Germany's Mental Cruelty won the headlining slot. Like their compatriots, the band is rooted in deathcore although it too chose not to play by all of its rules. The band lines up as Lukas Nicolai (vocals), Nahuel Lozano and Marvin Kessler (guitars), Viktor Dick (bass), and Danny Strasser (drums). The pink lights that did Ov Sulfur no favors were replaced with blue ones that generated hot whites for Nicoli, and deep shadows for the rest of the band. Nicolai is new to the act, and his screeches are suited for the symphonic direction the act seems to be headed in. I'm sure in some corner of the Internet there is a forum of metalheads that have big opinions on this, but for those in the audience it didn't seem to matter if his barks, growls, and squeals represented the right type of beast for the band's back catalog. That said, I guess trolls belong in metal too.
For most of Mental Cruelty's 40-minutes on stage, deathcore kept the audience slamming, while it was the contrasting tremolo picking and sweeping leads that mesmerized me. And the cowl worn by Dick. I was into that cowl. Sadly, most of the chapters outlined in the Complete Handbook of Banter for Deathcore and other Metal Frontmen had already been pilfered earlier in the evening, leaving Nicolai with little to say that the audience had not already heard. He did, however, pull out one trick from the appendix. As the band began the blackened "Symphony of a Dying Star" from last year's Zwielicht, Nicolai asked the audience to hold up their phones and turn on the flashlights to create a sea of stars. Sampled strings bolstered this epic composition, dancing merrily behind a medieval folk melody. The entirety of "Avgang" was also prerecorded, allowing the band a water break before launching into the brutal "Ultima Hypocrita." Sadly, the song's completely gonzo solo (performed by guest guitarist Yo Onityan on the album) was not part of the live show.
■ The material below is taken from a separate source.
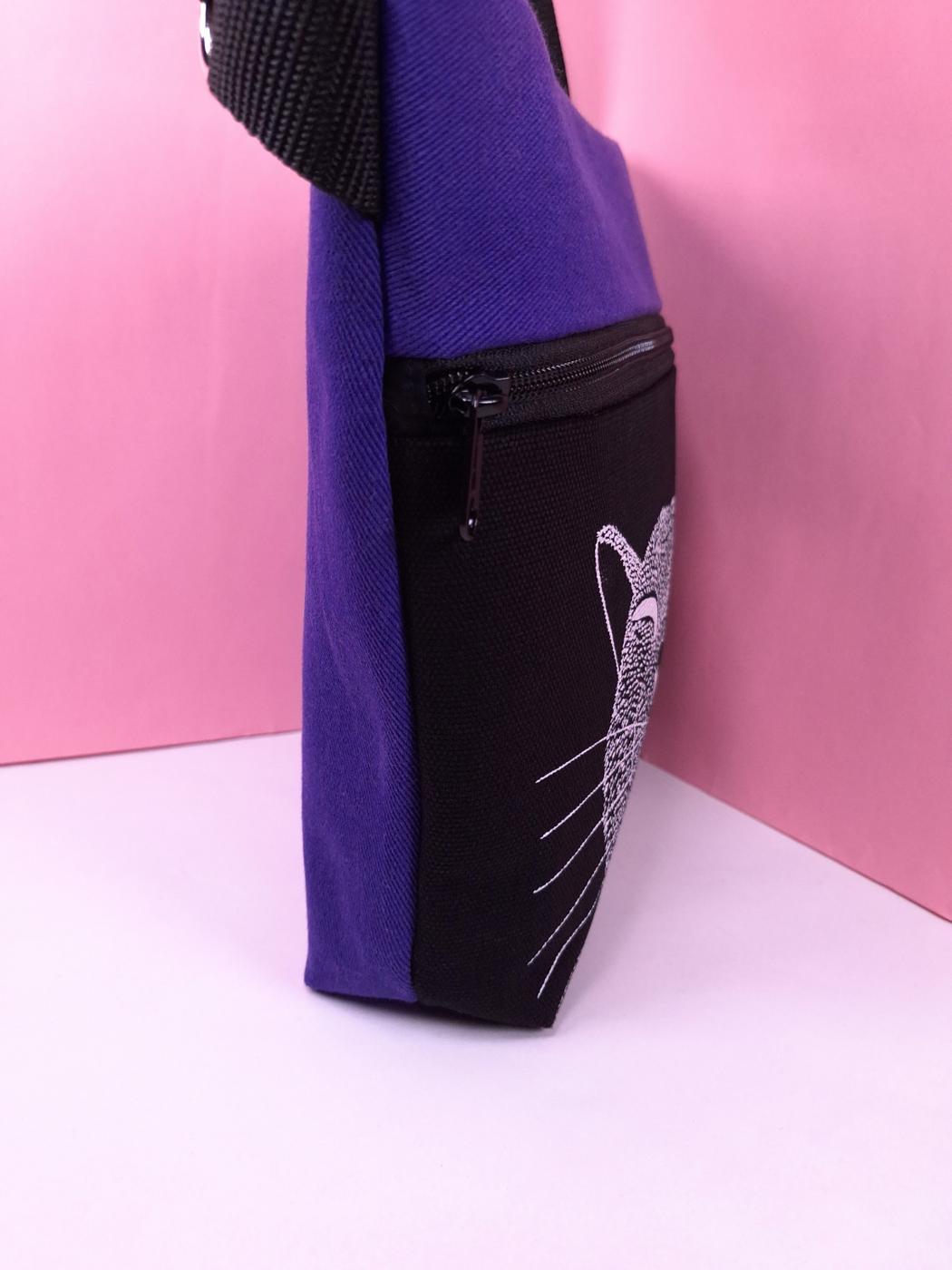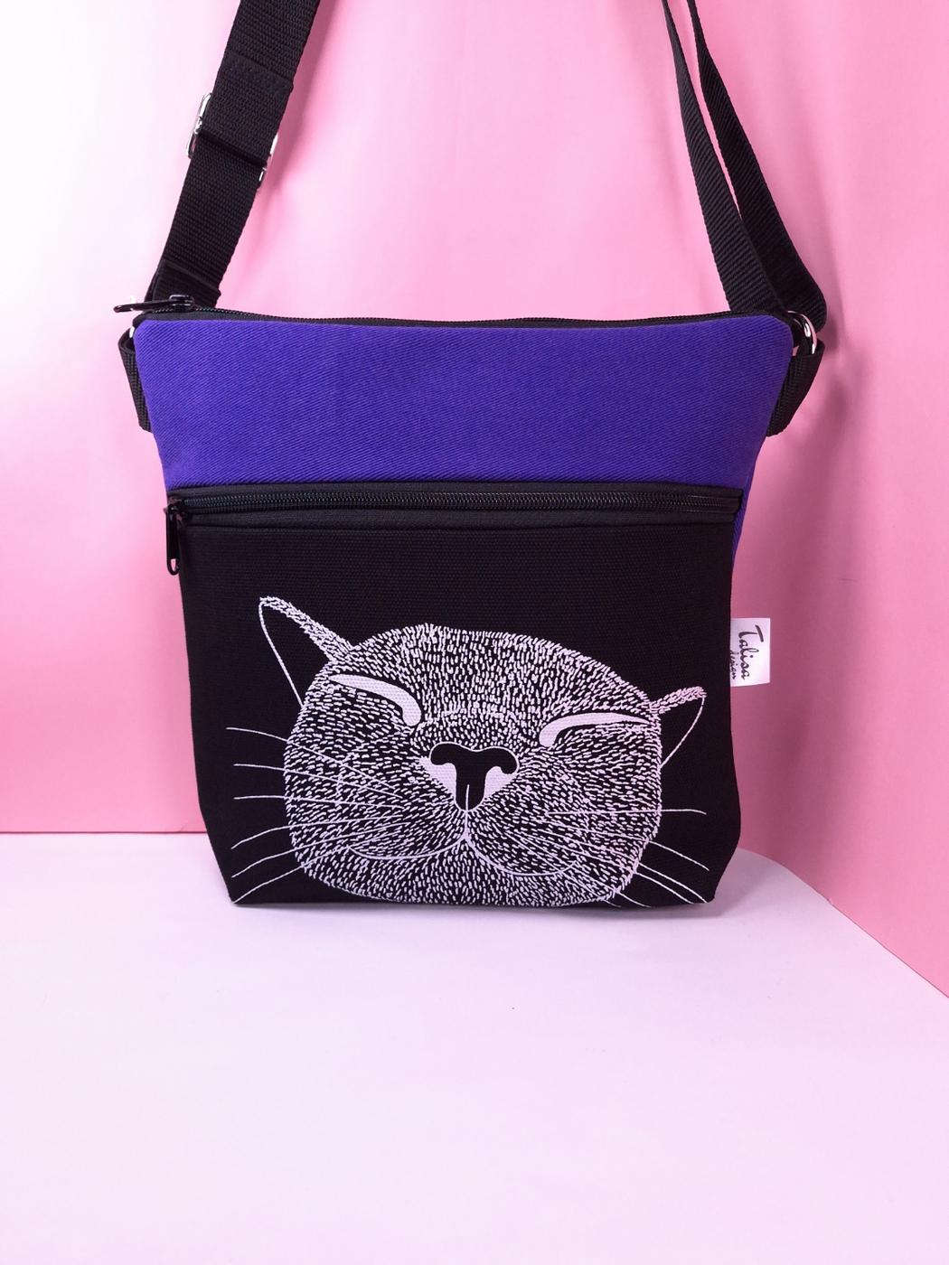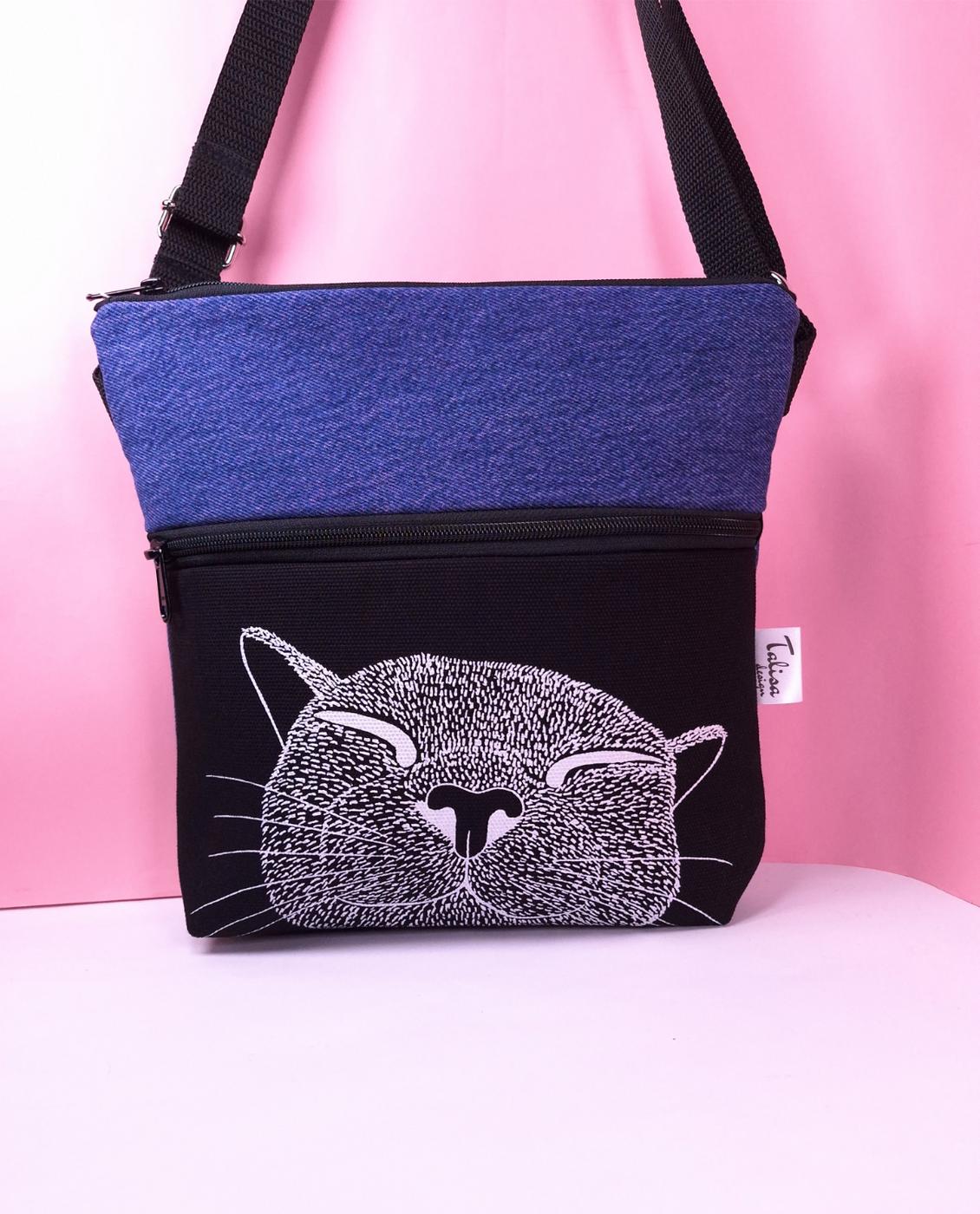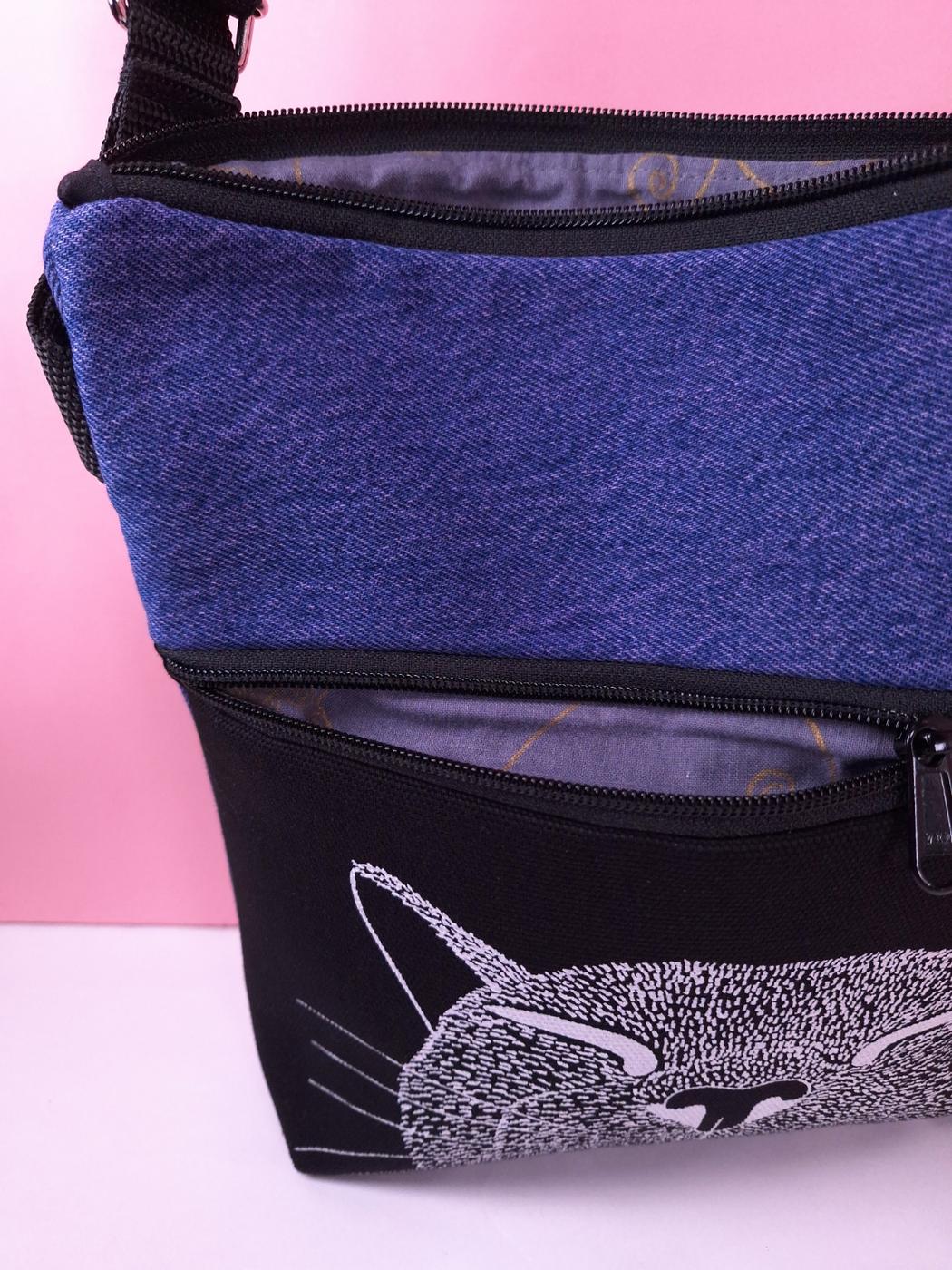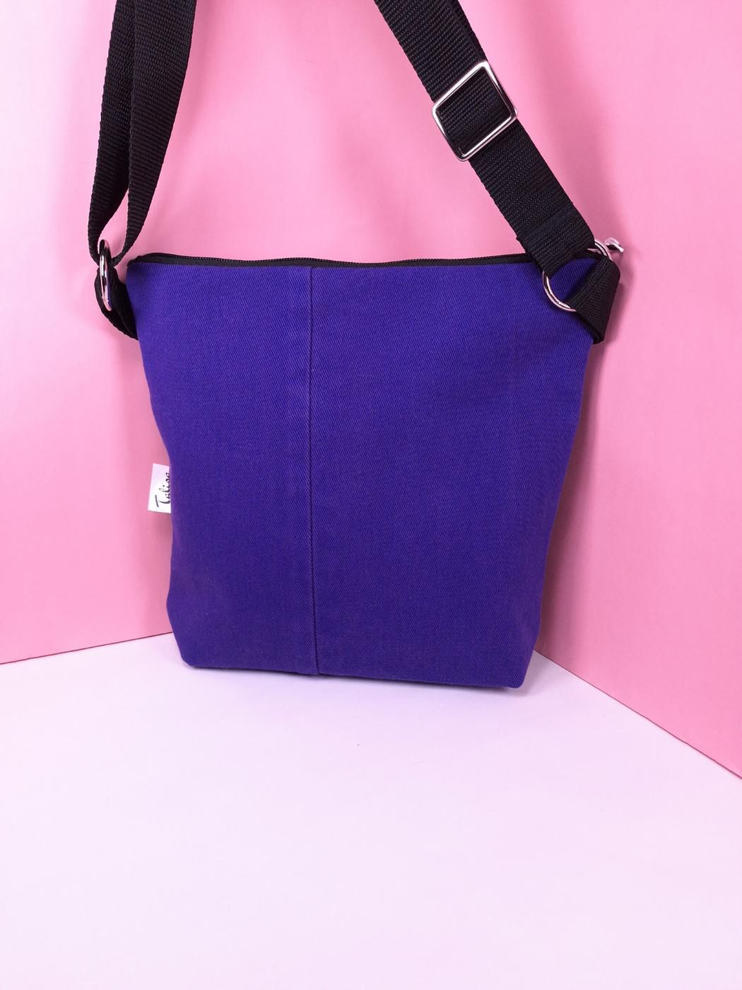 Laukun sivutaskuun on käsin painettu kuvio kankaanpainoväreillä.

At 10:20 it was all over. I quickly packed up my camera then slipped out the front door only to be enveloped in a snow squall. Earlier in the day it had been nearly 80°. While the meteorologists talked about fronts and isobars, I knew better, this was the doing of one of those haggard wizards. This was black magic perpetrated against me. For eavesdropping earlier. For doubting the validity of magic. For wearing a green t-shirt depicting a cartoon bear riding a scooter to the deathcore show. I guess that answers my question – I don't belong in the metal scene.